Exercise description: What's needed is an exact copy of all the data below, without pictures.

Source records:
•••

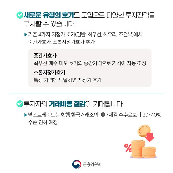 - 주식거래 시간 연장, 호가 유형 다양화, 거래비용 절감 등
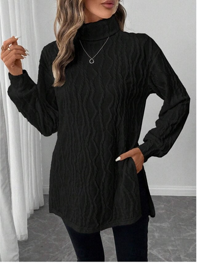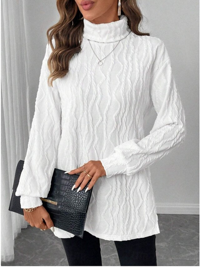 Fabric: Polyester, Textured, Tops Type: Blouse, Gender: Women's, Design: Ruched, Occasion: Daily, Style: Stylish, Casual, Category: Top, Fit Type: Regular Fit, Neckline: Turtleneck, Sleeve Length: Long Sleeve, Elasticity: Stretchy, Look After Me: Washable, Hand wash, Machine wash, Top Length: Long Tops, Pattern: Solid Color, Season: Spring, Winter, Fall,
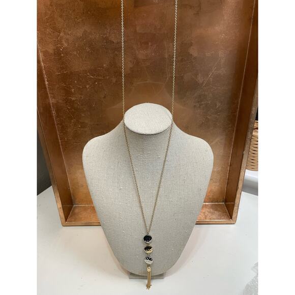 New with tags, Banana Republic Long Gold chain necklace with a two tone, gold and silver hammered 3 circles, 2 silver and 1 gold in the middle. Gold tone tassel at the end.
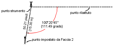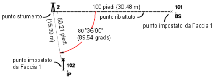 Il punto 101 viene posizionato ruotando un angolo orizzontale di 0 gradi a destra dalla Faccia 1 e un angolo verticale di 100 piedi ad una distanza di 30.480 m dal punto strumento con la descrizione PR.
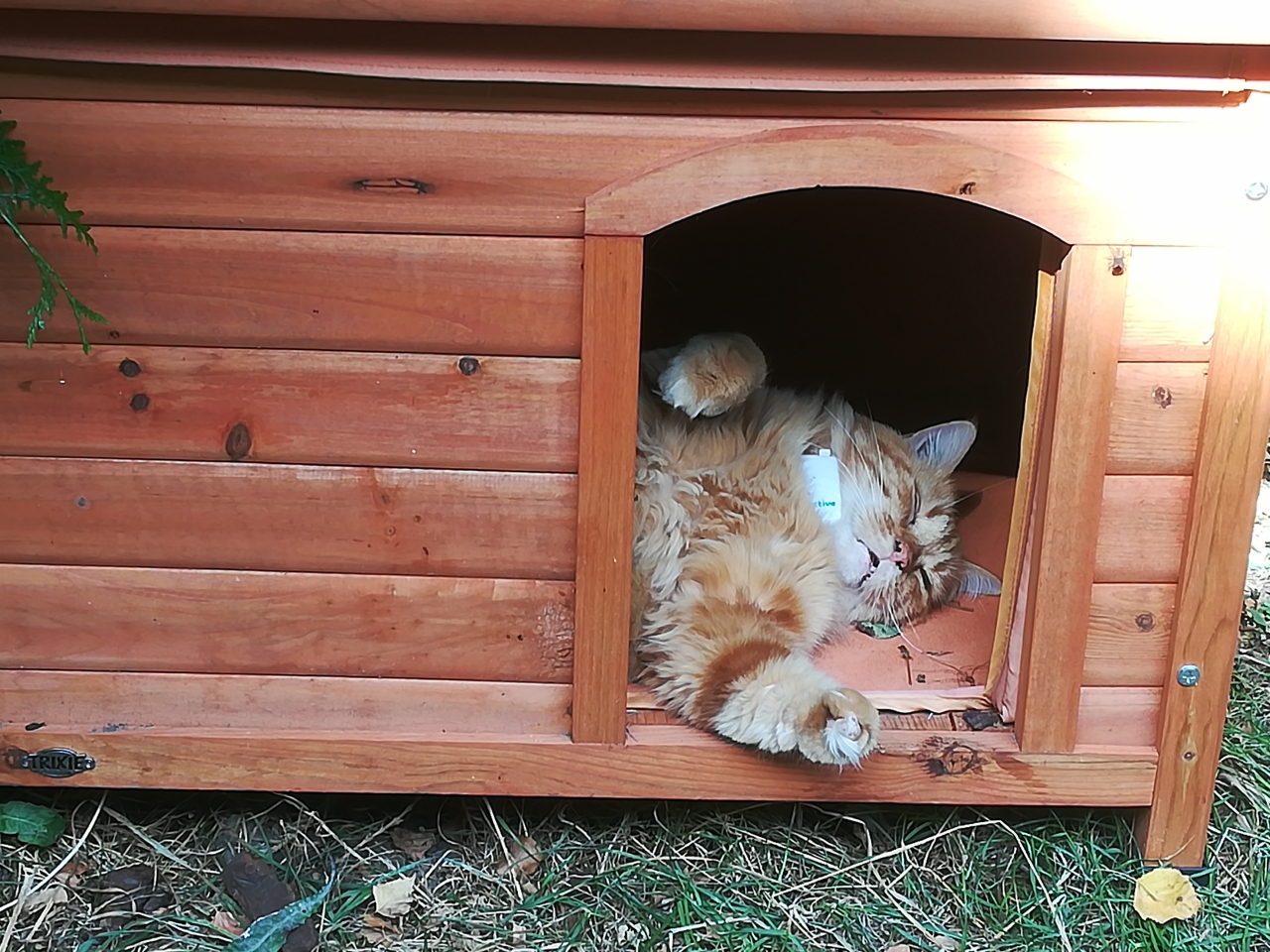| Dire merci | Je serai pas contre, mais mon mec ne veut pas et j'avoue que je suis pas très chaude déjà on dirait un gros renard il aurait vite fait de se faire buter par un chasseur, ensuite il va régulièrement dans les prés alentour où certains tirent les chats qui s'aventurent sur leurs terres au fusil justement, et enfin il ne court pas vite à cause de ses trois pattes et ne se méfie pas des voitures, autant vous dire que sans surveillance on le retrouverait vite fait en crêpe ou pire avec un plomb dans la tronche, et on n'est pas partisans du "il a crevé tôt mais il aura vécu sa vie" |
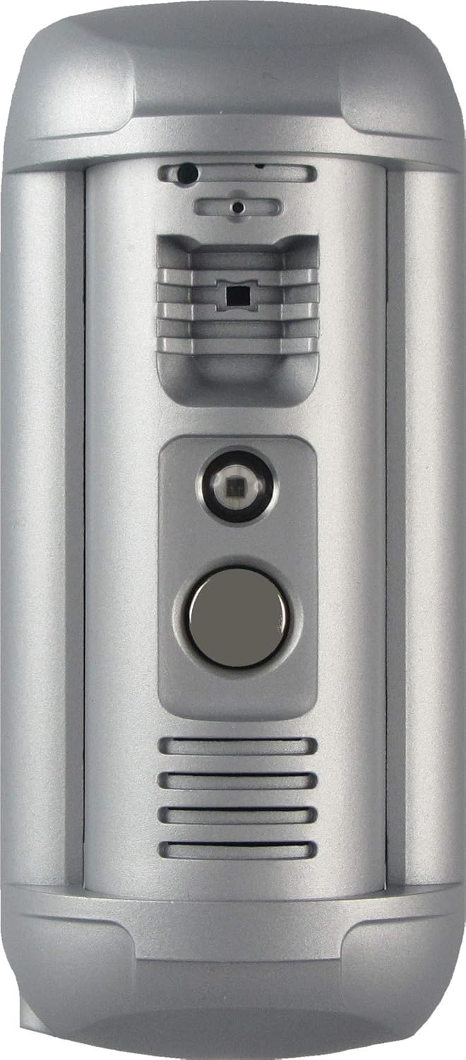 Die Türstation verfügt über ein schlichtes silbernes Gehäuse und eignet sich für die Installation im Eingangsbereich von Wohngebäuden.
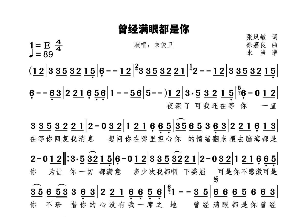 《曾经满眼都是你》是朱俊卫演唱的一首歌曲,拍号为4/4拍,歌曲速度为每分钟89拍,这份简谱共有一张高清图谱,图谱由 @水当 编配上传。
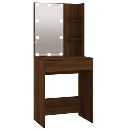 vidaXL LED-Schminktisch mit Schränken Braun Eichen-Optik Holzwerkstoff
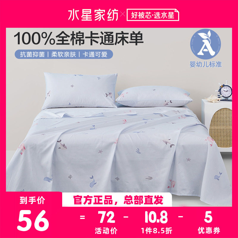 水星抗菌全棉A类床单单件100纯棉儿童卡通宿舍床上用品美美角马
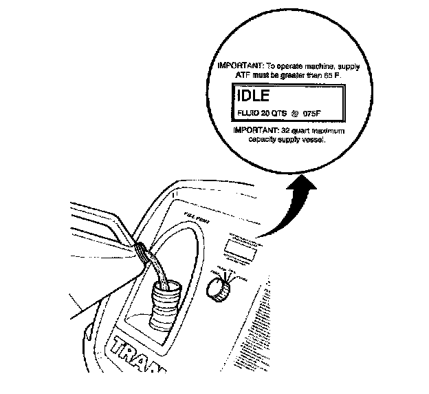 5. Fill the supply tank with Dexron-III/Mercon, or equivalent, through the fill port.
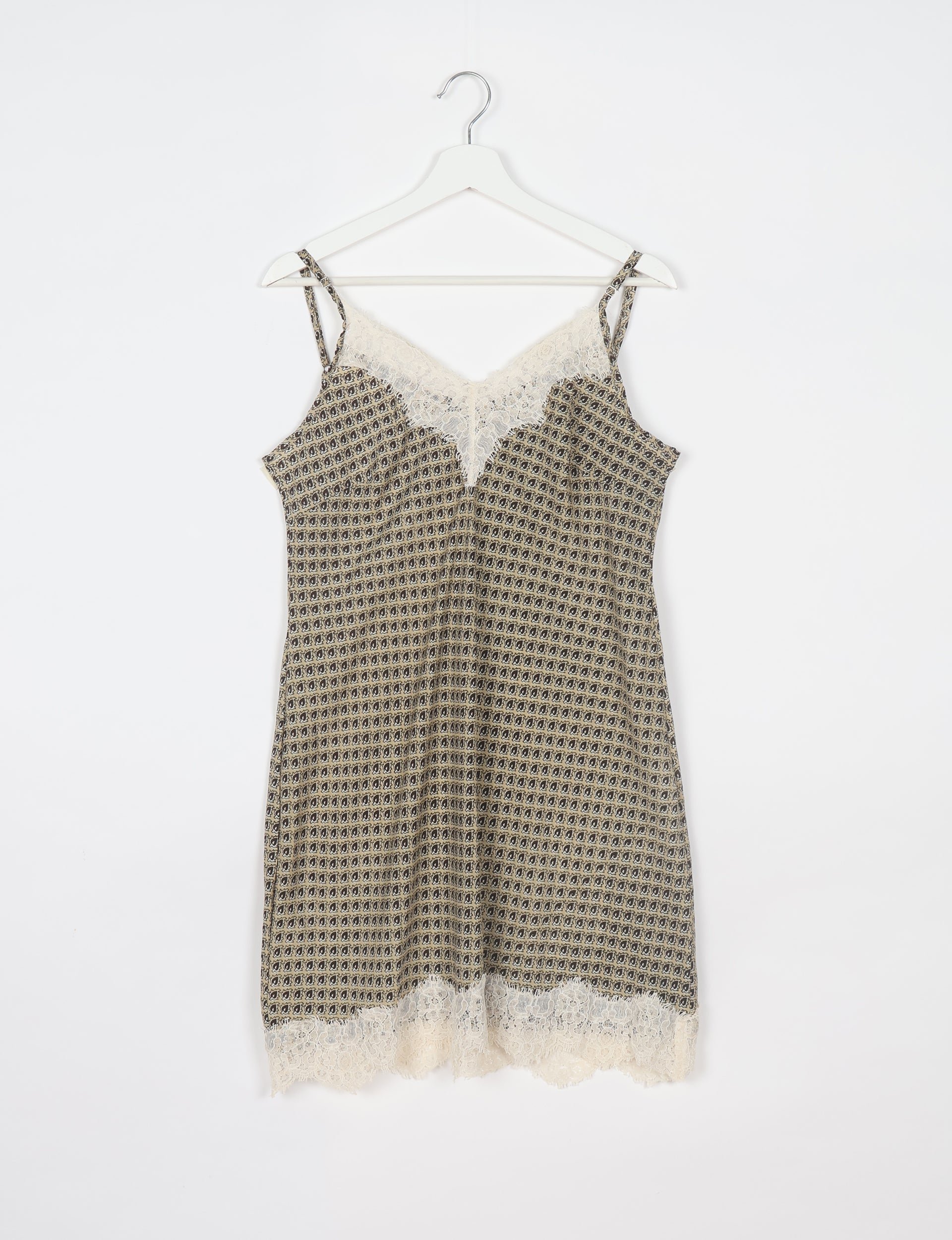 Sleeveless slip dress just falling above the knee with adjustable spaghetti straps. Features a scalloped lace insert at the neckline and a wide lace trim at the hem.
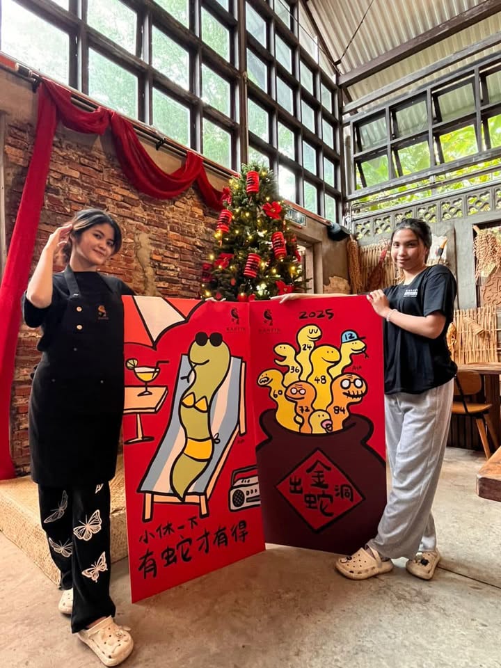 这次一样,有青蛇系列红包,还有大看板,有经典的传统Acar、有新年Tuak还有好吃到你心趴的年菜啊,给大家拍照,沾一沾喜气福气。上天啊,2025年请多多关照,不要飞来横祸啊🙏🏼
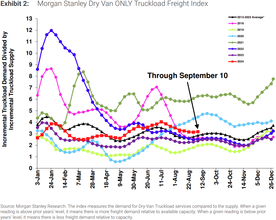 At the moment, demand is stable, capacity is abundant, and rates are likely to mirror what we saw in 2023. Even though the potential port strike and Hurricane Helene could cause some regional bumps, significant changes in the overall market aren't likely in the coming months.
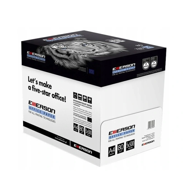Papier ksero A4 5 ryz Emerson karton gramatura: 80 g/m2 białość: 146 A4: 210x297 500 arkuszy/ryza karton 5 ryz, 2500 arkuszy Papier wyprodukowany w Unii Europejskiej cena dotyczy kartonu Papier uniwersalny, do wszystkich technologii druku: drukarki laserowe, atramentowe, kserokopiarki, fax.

•••

Answer to this exercise:
 - 주식거래 시간 연장, 호가 유형 다양화, 거래비용 절감 등
 Fabric: Polyester, Textured, Tops Type: Blouse, Gender: Women's, Design: Ruched, Occasion: Daily, Style: Stylish, Casual, Category: Top, Fit Type: Regular Fit, Neckline: Turtleneck, Sleeve Length: Long Sleeve, Elasticity: Stretchy, Look After Me: Washable, Hand wash, Machine wash, Top Length: Long Tops, Pattern: Solid Color, Season: Spring, Winter, Fall,
 New with tags, Banana Republic Long Gold chain necklace with a two tone, gold and silver hammered 3 circles, 2 silver and 1 gold in the middle. Gold tone tassel at the end.
 Il punto 101 viene posizionato ruotando un angolo orizzontale di 0 gradi a destra dalla Faccia 1 e un angolo verticale di 100 piedi ad una distanza di 30.480 m dal punto strumento con la descrizione PR.
| Dire merci | Je serai pas contre, mais mon mec ne veut pas et j'avoue que je suis pas très chaude déjà on dirait un gros renard il aurait vite fait de se faire buter par un chasseur, ensuite il va régulièrement dans les prés alentour où certains tirent les chats qui s'aventurent sur leurs terres au fusil justement, et enfin il ne court pas vite à cause de ses trois pattes et ne se méfie pas des voitures, autant vous dire que sans surveillance on le retrouverait vite fait en crêpe ou pire avec un plomb dans la tronche, et on n'est pas partisans du "il a crevé tôt mais il aura vécu sa vie" |
 Die Türstation verfügt über ein schlichtes silbernes Gehäuse und eignet sich für die Installation im Eingangsbereich von Wohngebäuden.
 《曾经满眼都是你》是朱俊卫演唱的一首歌曲,拍号为4/4拍,歌曲速度为每分钟89拍,这份简谱共有一张高清图谱,图谱由 @水当 编配上传。
 vidaXL LED-Schminktisch mit Schränken Braun Eichen-Optik Holzwerkstoff
 水星抗菌全棉A类床单单件100纯棉儿童卡通宿舍床上用品美美角马
 5. Fill the supply tank with Dexron-III/Mercon, or equivalent, through the fill port.
 Sleeveless slip dress just falling above the knee with adjustable spaghetti straps. Features a scalloped lace insert at the neckline and a wide lace trim at the hem.
 这次一样,有青蛇系列红包,还有大看板,有经典的传统Acar、有新年Tuak还有好吃到你心趴的年菜啊,给大家拍照,沾一沾喜气福气。上天啊,2025年请多多关照,不要飞来横祸啊🙏🏼
 At the moment, demand is stable, capacity is abundant, and rates are likely to mirror what we saw in 2023. Even though the potential port strike and Hurricane Helene could cause some regional bumps, significant changes in the overall market aren't likely in the coming months.
Papier ksero A4 5 ryz Emerson karton gramatura: 80 g/m2 białość: 146 A4: 210x297 500 arkuszy/ryza karton 5 ryz, 2500 arkuszy Papier wyprodukowany w Unii Europejskiej cena dotyczy kartonu Papier uniwersalny, do wszystkich technologii druku: drukarki laserowe, atramentowe, kserokopiarki, fax.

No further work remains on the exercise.